Is there something better than the name 'Christian'?

So a little background info before the link. I'm not sure if one can say I have no faith left because I have questioned so much, or if I have more faith, but few outward signs that would indicate that I am a 'christian'. The more I dive into the muddied waters of church history, the more I am realizing how flawed the church has become. Many would argue against me with great passion, but in a world that uses passion as a replacement for truth in an attempt to win an argument, I don't put much stock in passionate talking points without truth to back them up. My concern comes from the fact that it seems we have built flaw upon flaw or human ideas upon human ideas so that there is little foundation left that we can say is secure without scrutinizing and inspecting every aspect of it. Obviously, and I hope this to be the case, much will be found sound and solid, but I fear more may be weak and unsupportable than we realize.
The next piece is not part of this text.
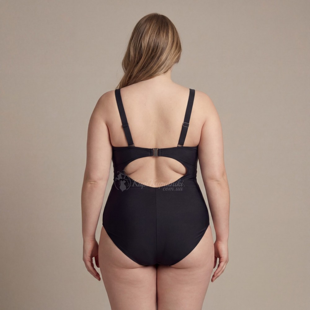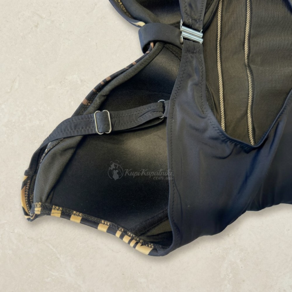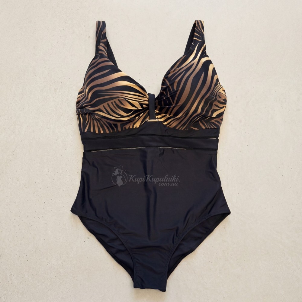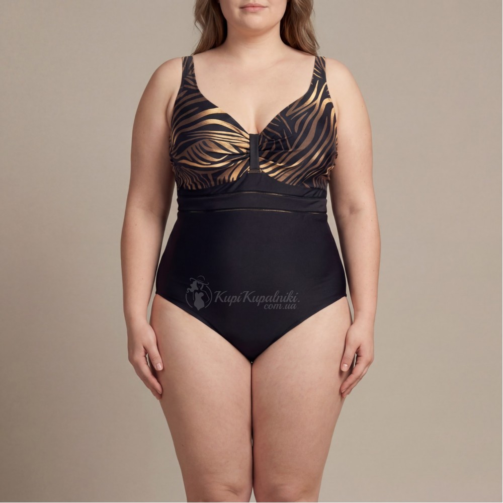 Слитный купальник Plus Size | Тёплый Зебра-Принт | Чёрная Основа и Эффектный Силуэт

I am reading a book that is attempting to look at the Christianity between the death of Christ and the writing of Paul. There is about a 2 decade gap that the New Testament has no record of; nor are there many historical documents in general. Dominic Crossan, the author, brings up one question that has haunted me almost daily, especially since I have so much time on my hands driving. The question is this: "What was there in the first church/fellowships/gatherings of the followers of Christ that warranted the persecution of Paul?"

Seriously, what do we know about those first groups of believers right after the execution of Jesus?

I have found myself exhausted by the search for truth to the point of giving up, of turning away and embracing a benign life of 'good living' instead of being associated with all that has been done in the name of 'christianity'. I am searching out something more than a title or label.

One of the things that has concerned me is the general lack of knowledge that most people have concerning their faith. So much has been taken for granted. So little is known about our origins that we could be fed anything, and think it was truth. I think that is why it feels like I have no faith; I have torn everything down past the foundation in order to build it up again.

With that being said, and if it opens up questions and dialog I am truly glad for the company. I watched this video and I saw a glimpse of what it might have been like for those early believers. Let's face it, when Jesus was doing his thing and he had followers, he was a rabbi, so a vast majority of his followers were Hebrew. I'm not necessarily saying we all need to become Jewish, but I wonder if you too see a glimpse of what that first group faced; being shunned, ridiculed, mocked, and generally looked down upon.